Maneet Ahuja (born 1984) is an American author, journalist, television news producer, and hedge fund specialist.  She is a producer of CNBC's morning business news program, Squawk Box.  Her 2012 book, The Alpha Masters: Unlocking the Genius of the World's Top Hedge Funds, was published by John Wiley & Sons and nominated for an FT / Goldman Sachs Book of the Year Award.  Forbes named her to their "30 Under 30" list of media figures for 2012.  Ahuja has also produced a number of business events including CNBC's Delivering Alpha conference, a hedge fund summit that she created and co-developed. Ahuja serves on the Council of Advocates for Mt. Sinai Hospital and is on the United Nations Commission on the Status of Women.
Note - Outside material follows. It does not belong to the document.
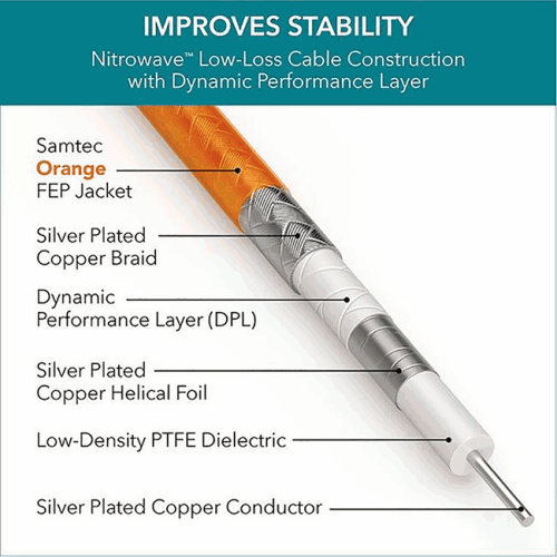 Samtec’s NITROWAVE is a range of high-performance RF cables designed for microwave and millimetre wave (mmWave) applications. In common with many coaxial cables, NITROWAVE uses silver-plated copper as the material for both the foil and braid, with an FEP (Fluorinated ethylene propylene) jacket in Samtec’s signature orange colour to provide protection in some of the toughest conditions. Designed for demanding applications in the aerospace and defence markets, along with instrumentation and computing industries, the FEP jacket delivers a high working temperature and resistance to abrasion.

Her next book is The Techtonics.

Career

Finance and journalism

Ahuja began her finance career at the age of 17 when she interned at Citigroup in 2002 as a credit risk analyst.  After ten months, Ahuja became a full-time employee. She remained at Citigroup for nearly four years before moving to Merrill Lynch as a global economics and equity research intern.  She later became one of The Wall Street Journal'''s youngest reporters, working on their Money & Investing team.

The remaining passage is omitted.